Dari hasil penelitian ini, anak usia prasekolah sudah mampu mengungkapkan rasa nyeri yang dirasakan ketika anak dipasang infus. Karena pada usia 4 tahun, anak-anak dapat secara akurat menunjuk area tubuh atau menandai area yang nyeri pada gambar (Savedra, dkk, 1989, 1993; Van Cleve dan Savedra, 1993)

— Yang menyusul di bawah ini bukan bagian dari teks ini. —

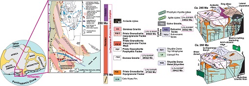 Two main lines of evidence disagree whether or not the Patagonian blocks collided with Gondwana. All models invoke the voluminous magmatism of the La Esperanza Complex as evidence for active subduction magmatic arc or to a postcollisional setting. The evolution of this bimodal igneous suite is reassessed with field, geochronological (SHRIMP U-Pb zircon and K-Ar mica) and petrophysical data. Emplacement of high-K calk-alkaline granitic magmas occurred at shallow crustal levels (2–8 ± 2 km depth) related to the development and collapse of a caldera associated with a regional NW-SE structural trend. Magmatism involved intermediate hybrid pulses at 273 ± 2 Ma and 255 ± 2 Ma (Prieto Granodiorite) that shifted like a yo-yo to acidic magmas at 260 ± 2 Ma and 250 ± 2 Ma (Donosa and Calvo granites). Absence of solid-state deformation features and the low anisotropy degrees in the granites indicate that its fabric is magmatic in origin. Magnetic fabric in granodiorites displays a concentrical pattern with subhorizontal foliations and lineations. Parallel to the volcanic axis, magnetic foliations and moderately plunging lineations indicate a common feeder system for plutonics and volcanics. Donosa Granite shows a discordant pattern with WNW-ESE ENE-WSW trending low plunging lineations and foliations. The plutono-volcanic system construction (273–255 Ma) followed NW-SE and NE-SW diamond shape faults trends and supracrustal discontinuities. Magmatic Climax is bracketed at 260 Ma. The collapse of the edifice is evidenced by the intrusion of acid magma plugs and dike swarms between 250 and 246 Ma. A similar age range was identified in other areas of Patagonia related to syn and postcollisional tectonic events. No evidence of tectonic activity such as major uplift, metamorphism or thrusting was found excepting regional strike-slip faulting and extension. Therefore, La Esperanza Complex is a high crustal level episode, and as such may not have structurally recorded an active collision during its crystallization and cooling.

Dari hasil penelitian ini, dengan menggunakan pengukuran subjektif dengan skala ukur nyeri Wong-Baker face pain rating scale, anak usia prasekolah sudah mampu memahami dan mampu menggungkapan rasa nyeri yang dirasakan dengan menunjuk skala wajah yang sesuai dengan rasa nyeri yang mereka rasakan. Sebanyak 1 orang anak (2,5%) mengatakan bahwa tidak ada rasa nyeri yang dirasakannya, sebanyak 5 orang anak (12,5%) mengungkapkan rasa nyeri yang di rasakannya termasuk nyeri ringan, sebanyak 3 orang anak (7,5%) menunjukkan gambar yang menggambarkan bahwa nyeri yang diraskan termasuk nyeri sedang, sebanyak 10 orang anak (25%) memilih gambar dengan menunjukkan bahwa nyeri yang dirasakan termasuk kategori nyeri berat, sebanyak 10 orang anak (25%) nyeri yang dirasakannya termasuk nyeri sangat berat, dengan jumlah 11 orang anak (27,5%) mengungkapan rasa nyeri yang di rasakan termasuk dalam kategori nyeri sangat berat sekali. Karena menurut Beyer, Denyes, dan Villaruel, (1992); Wong dan Baker (1988) anak-anak minimal usia 3 tahun sudah dapat memnggunakan skala nyeri, yaitu skala nyeri wajah.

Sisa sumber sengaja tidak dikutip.